# DIRECTIONS FOR THIS TASK
Reproduce everything from the line that contains "I crocheted little" down to the line that contains "This isn’t the" in the listing below, word for word and nothing more. Leave the pictures out.

# RECORDS PROVIDED
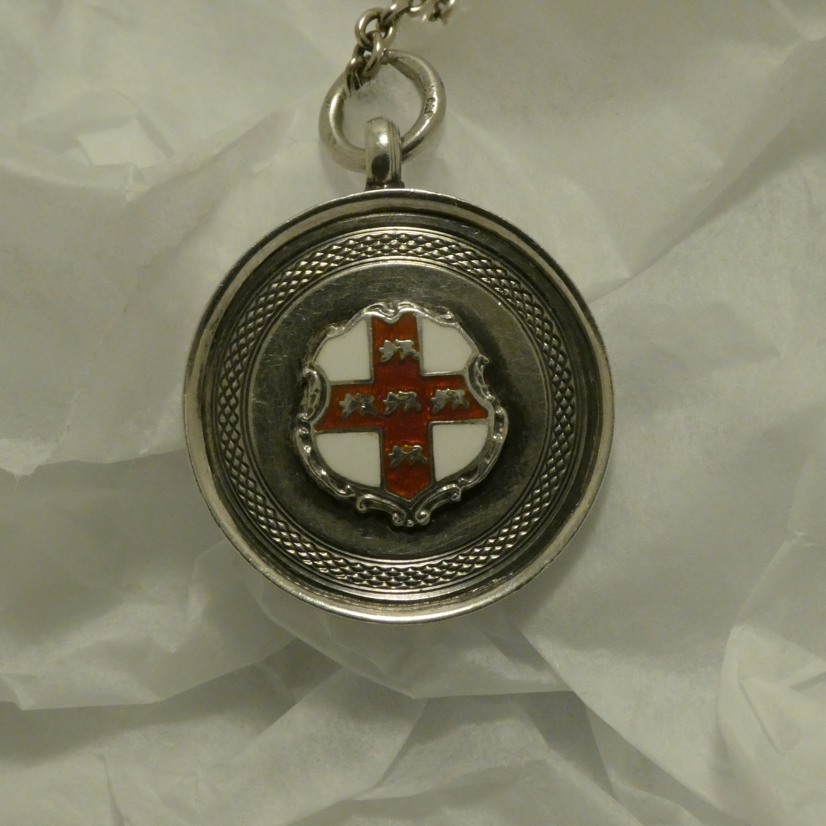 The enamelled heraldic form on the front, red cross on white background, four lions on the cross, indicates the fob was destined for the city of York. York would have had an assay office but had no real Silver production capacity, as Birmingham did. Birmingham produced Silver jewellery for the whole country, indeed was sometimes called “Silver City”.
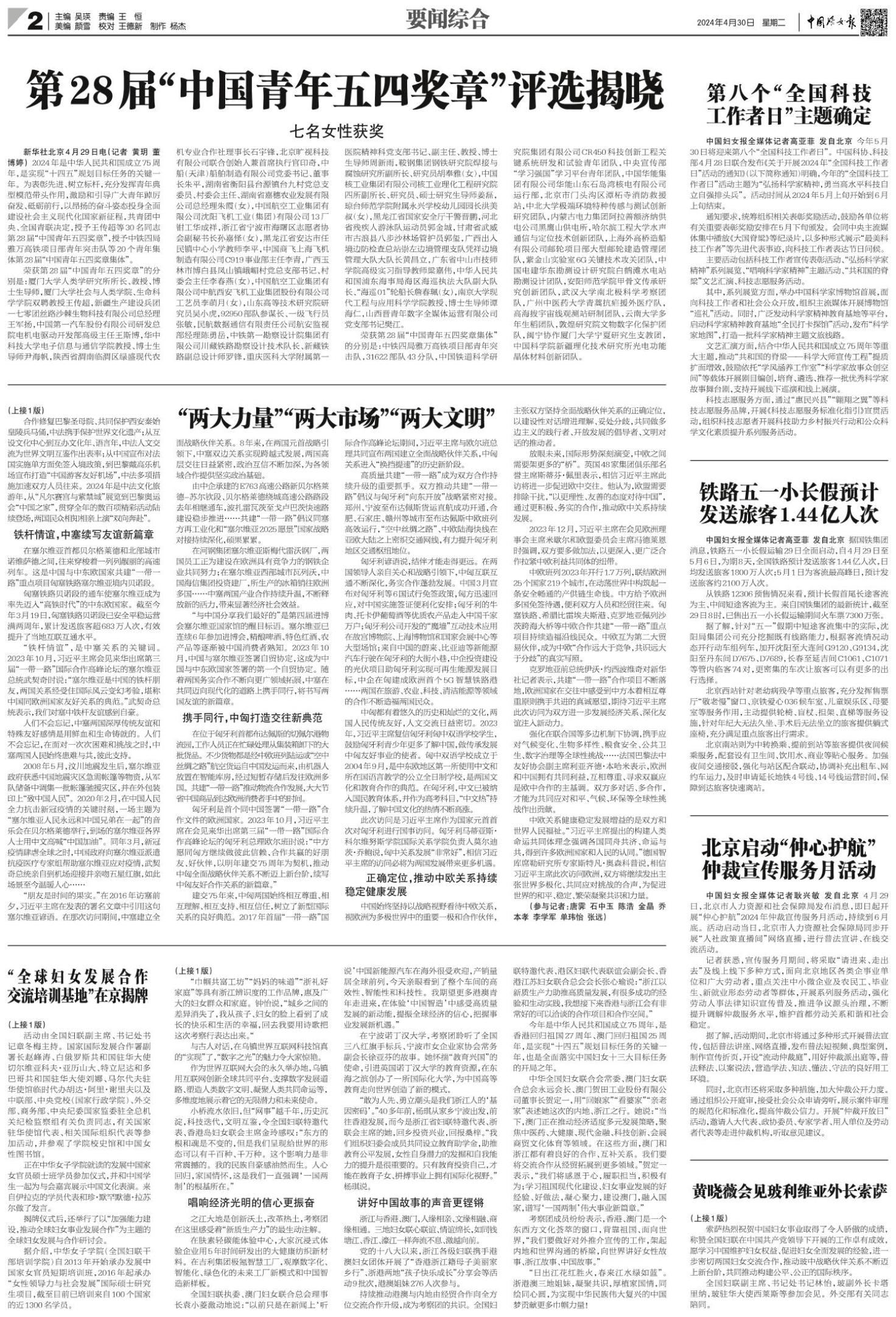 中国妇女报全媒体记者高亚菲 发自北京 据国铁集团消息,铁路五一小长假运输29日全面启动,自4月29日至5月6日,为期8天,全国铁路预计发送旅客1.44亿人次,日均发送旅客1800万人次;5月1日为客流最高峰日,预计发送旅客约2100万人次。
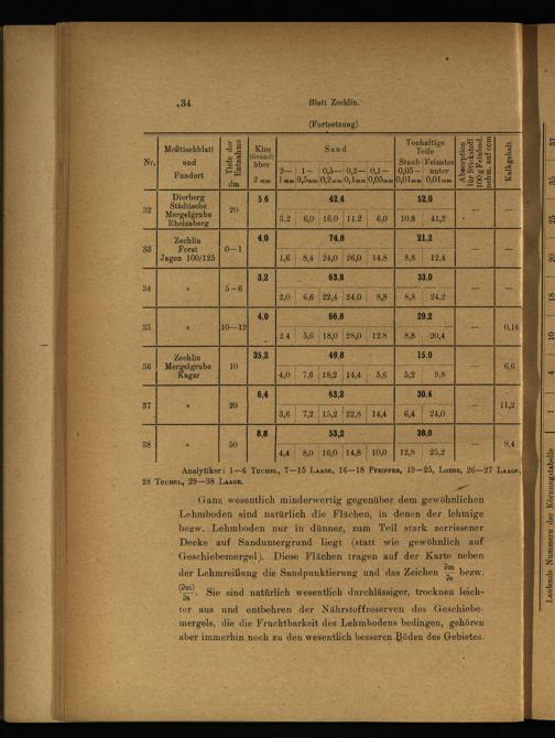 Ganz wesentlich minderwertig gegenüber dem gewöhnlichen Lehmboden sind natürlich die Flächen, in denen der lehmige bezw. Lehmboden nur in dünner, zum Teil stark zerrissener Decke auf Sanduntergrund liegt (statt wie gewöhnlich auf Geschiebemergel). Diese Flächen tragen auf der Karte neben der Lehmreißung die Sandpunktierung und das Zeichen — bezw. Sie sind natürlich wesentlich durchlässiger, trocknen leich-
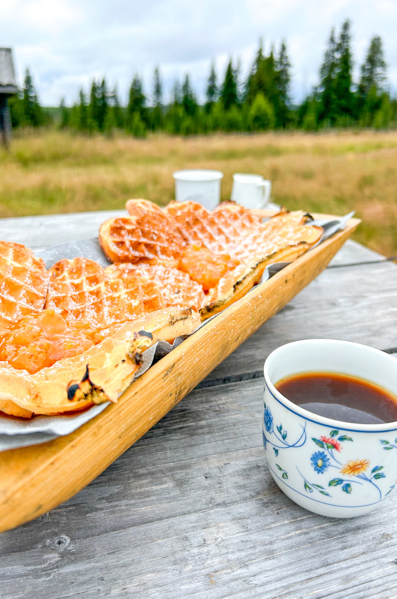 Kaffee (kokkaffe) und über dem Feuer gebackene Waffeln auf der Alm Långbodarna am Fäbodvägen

--

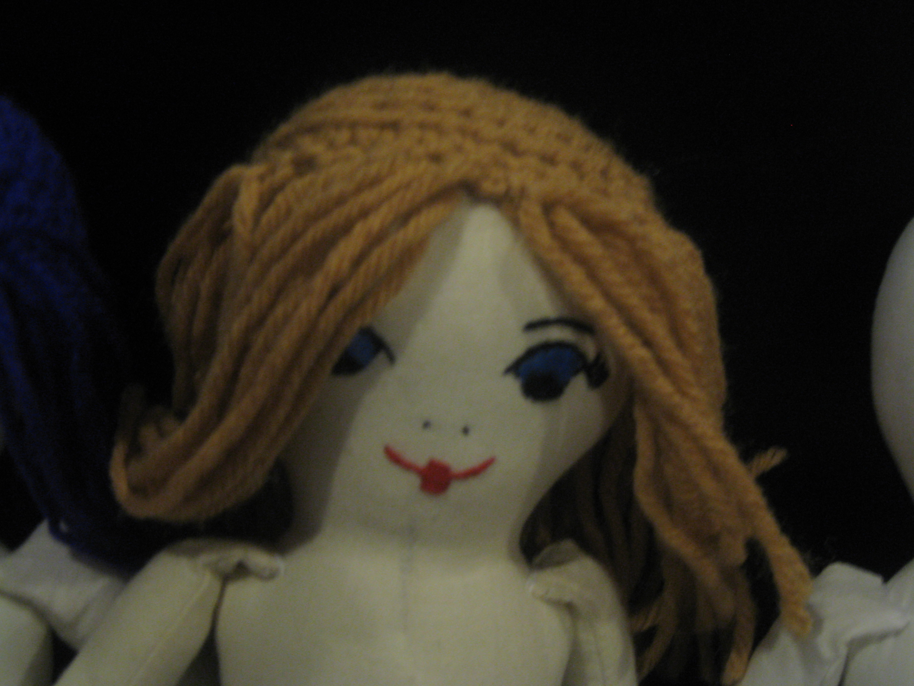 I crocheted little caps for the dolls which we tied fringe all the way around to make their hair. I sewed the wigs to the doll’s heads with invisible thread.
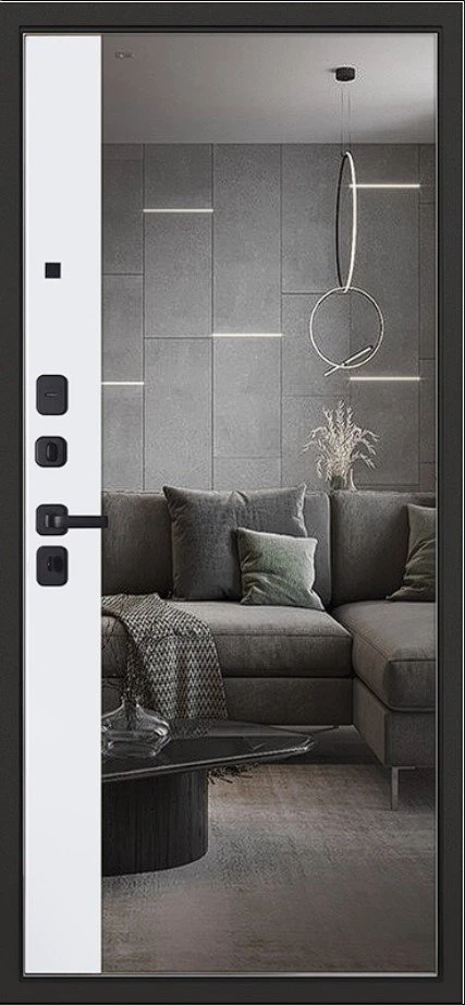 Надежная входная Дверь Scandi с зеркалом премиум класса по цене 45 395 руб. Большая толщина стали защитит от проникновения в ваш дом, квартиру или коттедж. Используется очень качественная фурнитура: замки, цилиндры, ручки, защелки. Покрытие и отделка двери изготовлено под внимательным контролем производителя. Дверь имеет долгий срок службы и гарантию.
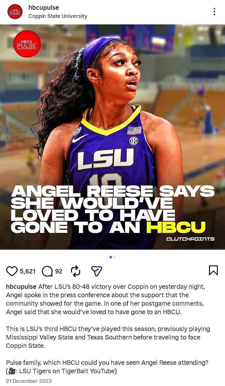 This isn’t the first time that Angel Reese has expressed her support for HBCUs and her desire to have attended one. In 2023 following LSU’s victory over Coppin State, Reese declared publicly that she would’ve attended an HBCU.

--

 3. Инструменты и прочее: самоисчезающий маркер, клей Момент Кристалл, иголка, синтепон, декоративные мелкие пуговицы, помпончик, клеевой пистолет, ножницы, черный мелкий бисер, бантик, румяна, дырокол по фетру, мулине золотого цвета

# SOLUTION TO THIS TASK
 I crocheted little caps for the dolls which we tied fringe all the way around to make their hair. I sewed the wigs to the doll’s heads with invisible thread.
 Надежная входная Дверь Scandi с зеркалом премиум класса по цене 45 395 руб. Большая толщина стали защитит от проникновения в ваш дом, квартиру или коттедж. Используется очень качественная фурнитура: замки, цилиндры, ручки, защелки. Покрытие и отделка двери изготовлено под внимательным контролем производителя. Дверь имеет долгий срок службы и гарантию.
 This isn’t the first time that Angel Reese has expressed her support for HBCUs and her desire to have attended one. In 2023 following LSU’s victory over Coppin State, Reese declared publicly that she would’ve attended an HBCU.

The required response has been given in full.